Try these approved vegetable recipes for children that will surely be a success for the little ones!

Vegetable Nuggets

What do you need:

2 eggs
1 clove garlic
3 cups steamed broccoli florets
1 cup grated carrots
1 1/4 cups split seasoned breadcrumbs
3/4 cup shredded cheddar cheese
1 tablespoon canola oil
1/2 teaspoon black pepper
1/2 teaspoon onion powder
Mix eggs, garlic, steamed broccoli, carrots, 1 cup of breadcrumbs and cheddar cheese in a food processor or blender. Season with black pepper and onion powder. Press until all ingredients are well combined.
With a tablespoon or a spoon for cookies, form the mixture into balls and then crush each to round discs approximately 1/2 inch thick. Place the remaining breadcrumbs on a small plate and then cover each nugget with it.

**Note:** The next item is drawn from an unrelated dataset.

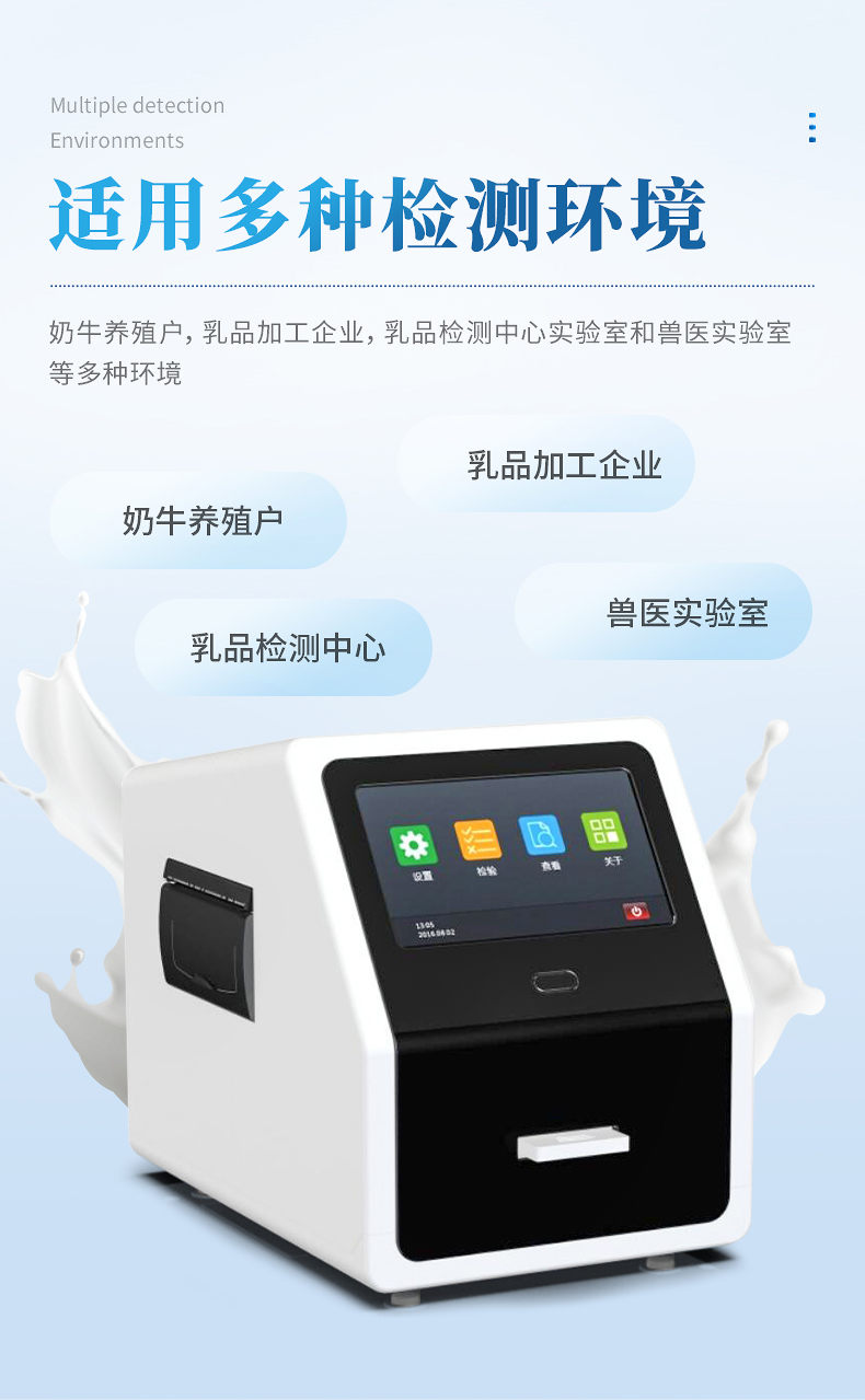 適用多種檢測環(huán)境:奶牛養(yǎng)殖戶,乳品加工企業(yè),乳品檢測中心實(shí)驗(yàn)室和獸醫(yī)實(shí)驗(yàn)室等多種環(huán)境。

Heat the oil in a pan over medium heat and fry the vegetable seeds until they are crispy and golden, about 4 minutes per side. Serve with your child’s favorite sauce such as tomato sauce, mayonnaise or barbecue sauce.

Delicious carrot pancakes

What do you need:

3 eggs, lightly beaten
1 cup grated carrots
1/2 cup natural yogurt
1/2 cup applesauce
1 cup whole wheat flour
2 tablespoons melted butter
1 teaspoon of baking powder
1 teaspoon vanilla
1/2 teaspoon cinnamon
Frying Butter
Maple syrup to serve
Place grated carrots in a bowl that is heat resistant. Pour boiling water over the carrots and let stand for 5 minutes. Drain. To make pancake dough, combine eggs, carrots, yogurt, applesauce, wheat flour, melted butter, baking powder, vanilla and cinnamon in a large bowl. Mix gently until all ingredients are well combined.
Heat the butter in a nonstick skillet and cook the dough as you would with normal pancakes, about 2-3 minutes per side or until they settle on the edges. Add more butter until the entire dough has run out.

Serve hot sprinkled with maple syrup. Add fruits if you prefer.

Encourage your little ones to eat more nutritious and practice healthy eating habits. Add more vegetables to your daily meals: start with these delicious vegetable recipes approved by children.